Regarding eigenvector centrality, our observation of the three node communities reveals a prevalence of nondescript traits in the first and the third community. On the other hand, the second community – which groups traits describing character sexual activity and pornographic depictions – has an ensemble of mainstream pornographic depictions as their ten nodes with highest eigenvector centrality. Within the first community, we can find two traits describing a character’s hairstyle (‘Short Hair’, ‘Parted to Side’), two traits describing hair color (‘Brown Hair’, ‘Black Hair’), one describing an age group (‘Young Adult (Apparent Age)’), three traits describing eye color (‘Amber Eyes’, ‘Brown Eyes’, ‘Red Eyes’) and two traits describing pieces of clothing (‘Shirt’, ‘Necktie’).

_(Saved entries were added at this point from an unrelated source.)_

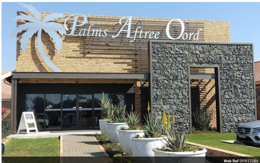
Web Ref DPR17384

Shop 2, The Palms Shopping Center, Louis Trichardt Blvd, Vanderbijlpark, 1911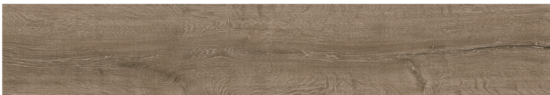
Teca 25x150cm Rectified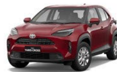
3 RD PRIZE | 2024 Yaris Cross GX 2WD 1.5L, Hybrid Auto CVT Hatch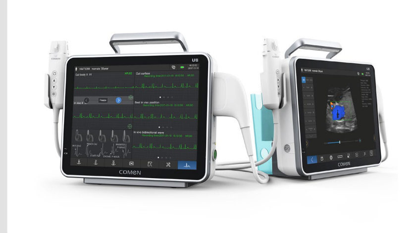
Multifunctional Catheter-positioning Guiding System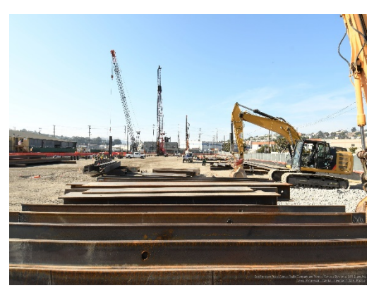
TCFSD – Foundation Piles (November 7, 2019)

Within the third community – our other non-sexual traits community – we can find a trait describing a character’s skin color (‘Pale Skin’), one describing an age group (Teen (Apparent age)), one describing character eye color (‘Blue Eyes’), three describing various hair styles (‘Long Hair’, ‘Waist Lenght+ (Hair)’, ‘Straight Hair’, ‘Sidehair (Hair Tail)) and one hair color (‘Blond Hair’).
Employing Eigenvector centrality, in this case, ended up being not as productive as we had anticipated, especially in light of the highest-ranking traits in community one and three. We could not derive traits or ensembles thereof that could clearly suggest the presence of shared character archetypes in visual novel design practice. We could only surmise that hair styles and body types are important in character design, and that traits describing sexual activity mainly recur with each other in their own community.
On the other hand, community two becomes more interesting when juxtaposed with the gendered specificities of visual novel games. Pornography in the field of visual novel game tends to follow a gendered distribution. Visual novel games intended for a male audience generally feature explicit depiction of sexual intercourse between the (male) player character and the game’s characters (female). Visual novel games intended for a female audience present different nuances.
Visual novel games intended for female audiences and featuring experience involving heterosexual relationships will generally not depict sexual intercourse between the (female) player avatar and characters (male). Visual novel games directed at female audiences which feature homosexual relationships will instead tend to be much more explicit in showing intercourse between the (male) player avatar and other characters (also male).
Taking community two as a being representative of all visual novel games might skew our data by not taking its gendered nuances into account. Usage and distribution of character pornography vary widely on the basis of the game’s intended audience. We therefore decided to stratify our dataset to reflect these nuances in our approach by looking for markers of a character’s intended audience. We then repeated our modularity/eigenvector centrality approach on a stratified dataset capable of accounting for characters’ intended audiences. We will detail our stratified approach in the second part of this blogpost series.